But theoretically it's not a constant! Because otherwise we would suddenly have a generic O(m+n) algorithm.
ilya n.
@ilya n: "It's impossible to have a data structure with constant lookup time." Sure it's possible, that's the purpose of a hashset/hashtable. See: http://en.wikipedia.org/wiki/Perfect_hash_function
Ben S
Really close. I think the edge case logic when handling the longer file is not quite right, though. Consider diffing the lists [2] and [1, 2]. It looks like "2" will get added to the change list if I'm interpreting "while (lines left in A and B)" correctly. Also, a quick escape at the top of the loop would be dandy, e.g. "read line from A; read line from B; if A = B: continue". That'd save on a lot of adds followed by immediate removes.
John Kugelman
Alright, should be pretty much correct now.
Ben S
No, the hash function needs log N bits and then it needs to compute these log N bits. This means if you have N data and want to compute hash function, it's log N.Otherwise you would have a solution with O(m+n) to the string subsequence problem, which would be quite unexpected.
ilya n.
Hashing doesn't add to the big-O efficiency. You could calculate the hash code for each file name as you read them in. The _m_ and _n_ in _O(m+n)_ are the number of file names in each list, not the lengths of those file names. You can pretend the problem involves lists of integers as per ephemient's answer, if you wish, that is equivalent.
John Kugelman
Well, I think here we are "arguing" about whether there is 1 or log N somewhere. Let me remind what is N: N is a typical diff block size. So N is a small number. It's so small that it's obviously smaller then filename_length (otherwise filenames in your set/my array collide, which is bad). I can reformulate this with integers: then we will have integers with *more than log N bits*. C
ilya n.
*If* N is large, comparing the integers of log N bit length actually does take log N time, even though they are integers! However, if you assume the input contains less files then data type int, then processor actually compares int in a fixed time. In other words we can assume log N = const, and so we're both right.
ilya n.
They only time it's relevant is the worst case. And we can't have N too big anyway, so the effects of log N won't be very visible.
ilya n.
@ilya: Hashtables provide O(1) lookup time *provided* that (a) the size of the hashtable is bounded by a constant and (b) certain pathological sequences of keys have not been added. (Of course, *any* data structure provides O(1) lookup time if the size of the data structure is bounded...) Although assumption (a) is often stretched to breaking point by people claiming fast algorithms for unbounded N, in this case you might reasonably claim that the number of file changes between backups is bounded by a constant independent of N.
j_random_hacker
@j_random_hacker: of course, it's theoretically bound by log(N) which is practically bound by log(10^6) which is a constant :)
ilya n.
+1  A: 

If you accept that dictionaries (hash maps) are O(n) space and O(1) insert/lookup, this solution ought to be O(m+n) in both time and space.

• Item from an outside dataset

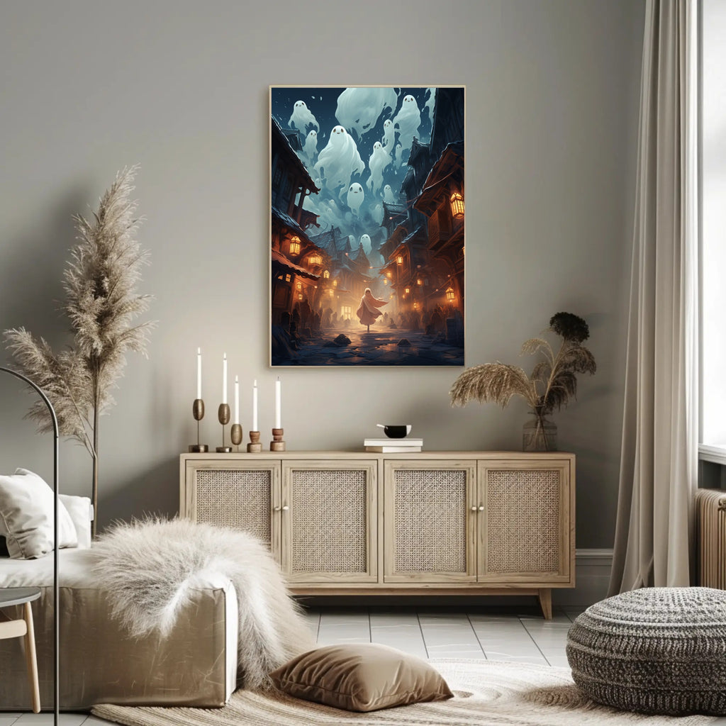 Elevate your home decor with the Ghostly Night In The Village Poster. This captivating piece not only enhances your space but also serves as an ideal gift for those who cherish artistic expressions. Don't miss out—add it to your collection today!
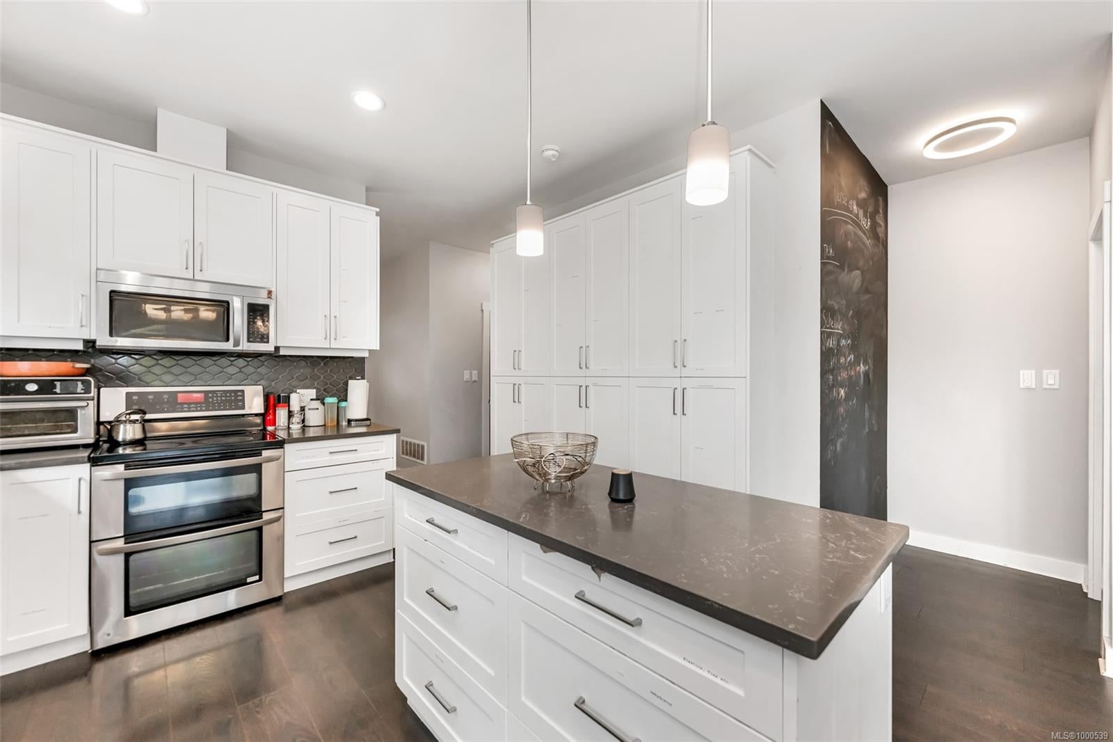 Welcome to this bright and beautiful 6 bedroom & 4 bathroom home in the sought-after Westhills. Ideally situated within walking distance of the YMCA, Library, Langford Lake, & various recreational spots. This main-level entry home boasts a full walk-out basement and includes a legal 2-bedroom suite. As a built green home, it benefits from an eco-friendly Geo-Exchange system providing economical heating and cooling. The home also features a solar system that ensures this home achieves a low carbon footprint. The open floor plan features a great room, seamlessly connecting living and dining areas to a custom kitchen with quartz countertops and stainless steel appliances. The main floor primary bedroom offers ample space, a full ensuite, a walk-in closet, and direct access to the rear deck. Upgrades include a built-in sound system and an EV charger. The lower level houses the 2-bedroom suite plus additional space for two guest bedrooms and a full bathroom for the main residence.

from collections import defaultdict
def diff(left, right):
    left_map, right_map = defaultdict(list), defaultdict(list)
    for index, object in enumerate(left): left_map[object] += [index]
    for index, object in enumerate(right): right_map[object] += [index]
    i, j = 0, 0
    while i < len(left) and j < len(right):
        if left_map[right[j]]:
            i2 = left_map[right[j]].pop(0)
            if i2 < i: continue
            del right_map[right[j]][0]
            for i in range(i, i2): print '<', left[i]
            print '=', left[i2], right[j]
            i, j = i2 + 1, j + 1
        elif right_map[left[i]]:
            j2 = right_map[left[i]].pop(0)
            if j2 < j: continue
            del left_map[left[i]][0]
            for j in range(j, j2): print '>', right[j]
            print '=', left[i], right[j2]
            i, j = i + 1, j2 + 1
        else:
            print '<', left[i]
            i = i + 1
    for j in range(j, len(right)): print '>', right[j]
>>> diff([1, 2, 1, 1, 3,    5, 2,    9],
...      [   2, 1,    3, 6, 5, 2, 8, 9])
< 1
= 2 2
= 1 1
< 1
= 3 3
> 6
= 5 5
= 2 2
> 8
= 9 9

Okay, slight cheating as list.append and list.__delitem__ are only O(1) if they're linked lists, which isn't really true... but that's the idea, anyhow.

ephemient
Yes, I've already suggested something similar to this. the O(m+n) space is not acceptable. The set is too large.
Ben S
I can shrink memory usage in the average case, but avoiding a worst-case O(m+n) space while maintaining O(m+n) time is challenging. I'll sleep on it and see if I come up with something else tomorrow...
ephemient
Worst-case space will be O(m+n), I don't think it's possible to sidestep that.
ilya n.
A: 

A refinement of ephemient's answer, this only uses extra memory when there are changes.

def diff(left, right):
    i, j = 0, 0

    while i < len(left) and j < len(right):
        if left[i] == right[j]:
            print '=', left[i], right[j]
            i, j = i+1, j+1
            continue

        old_i, old_j = i, j
        left_set, right_set = set(), set()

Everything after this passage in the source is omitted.